One hundred nineteen paired samples were analyzed. The correlation coefficient between SpHb and tHb was 0.53 (P < 0.001), whereas that of change in SpHb versus change in tHb was 0.75 (P < 0.001). The average difference (bias) between tHb and SpHb was 0.90 g/dL (95% confidence interval [CI], 0.48-1.32 g/dL) and 1 standard deviation of the difference (sd) was 1.35 g/dL. The concordance rate (a measure of the number of data points that are in 1 of the 2 quadrants of agreement) determined using a 4-quadrant plot was 93%. The correlation coefficient between SpHb and tHb after intravascular volume resuscitation was 0.58 (P < 0.001), whereas that of changes in SpHb and tHb was 0.87 (P < 0.001). The bias immediately after volume resuscitation was 1.18 g/dL (95% CI, 0.81-1.55 g/dL), and sd was 1.28 g/dL with a concordance rate of 94.4%. The bias was -0.03 g/dL when tHb was ≥11 g/dL, which was significantly lower in comparison with biases when tHb <9 g/dL (1.24 g/dL) and tHb was 9-11 g/dL (1.17 g/dL) (P = 0.004).

CONCLUSION

The Radical-7 Pulse CO-Oximeter can be useful as a trend monitor in children during surgery even immediately after intravascular volume expanders are administered. However, it is advisable to confirm the baseline hemoglobin level and to consider the influence of tHb level on the bias. In addition, one should be cautious with regard to using SpHb alone when making transfusion decisions.

摘要

背景

最常用的血红蛋白浓度测定方法是从患者身上抽取血液。然而,Radical-7 脉搏 CO- 血氧仪(Masimo 公司,尔湾,加利福尼亚州)可以无创地连续提供血红蛋白浓度(SpHb)。在我们的研究中,我们比较了 SpHb 的无创测量值与从接受神经外科手术的儿童中抽取的动脉血样的总血红蛋白实验室测量值(tHb)。

方法

使用实验室 CO- 血氧计分析动脉血样,同时记录接受神经外科手术的儿科患者的 SpHb。当患者符合低血容量标准时,在 10 分钟内给予 10 毫升/公斤胶体或红细胞。在血管内容量复苏前后收集 SpHb 和 tHb 数据。使用四象限图、线性回归、混合效应模型和改良 Bland-Altman 分析评估 SpHb 和 tHb 之间的关系。

结果

分析了 119 对样本。SpHb 和 tHb 之间的相关系数为 0.53(P < 0.001),而 SpHb 变化与 tHb 变化之间的相关系数为 0.75(P < 0.001)。tHb 和 SpHb 之间的平均差异(偏差)为 0.90 g/dL(95%置信区间[CI],0.48-1.32 g/dL),差异的 1 个标准差(sd)为 1.35 g/dL。

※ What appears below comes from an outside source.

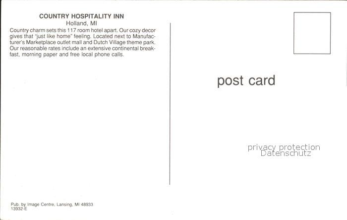 72460041 Holland Michigan country Hospitality Inn postalisch nicht gelaufen Erhaltung siehe scans KatCode: 14140240000000

使用四象限图确定的一致性率(衡量数据点落在同意的 2 个象限中的数量的指标)为 93%。血管内容量复苏后 SpHb 和 tHb 之间的相关系数为 0.58(P < 0.001),而 SpHb 和 tHb 变化之间的相关系数为 0.87(P < 0.001)。容量复苏后立即的偏差为 1.18 g/dL(95%CI,0.81-1.55 g/dL),sd 为 1.28 g/dL,一致性率为 94.4%。当 tHb≥11 g/dL 时,偏差为-0.03 g/dL,与 tHb<9 g/dL(1.24 g/dL)和 tHb 为 9-11 g/dL(1.17 g/dL)时的偏差(P=0.004)相比,显著更低。

结论

即使在血管内容量扩张剂给予后,Radical-7 脉搏 CO- 血氧仪也可作为手术期间儿童的趋势监测器使用。然而,建议确认血红蛋白的基线水平,并考虑 tHb 水平对偏差的影响。此外,在做出输血决策时,单独使用 SpHb 应谨慎。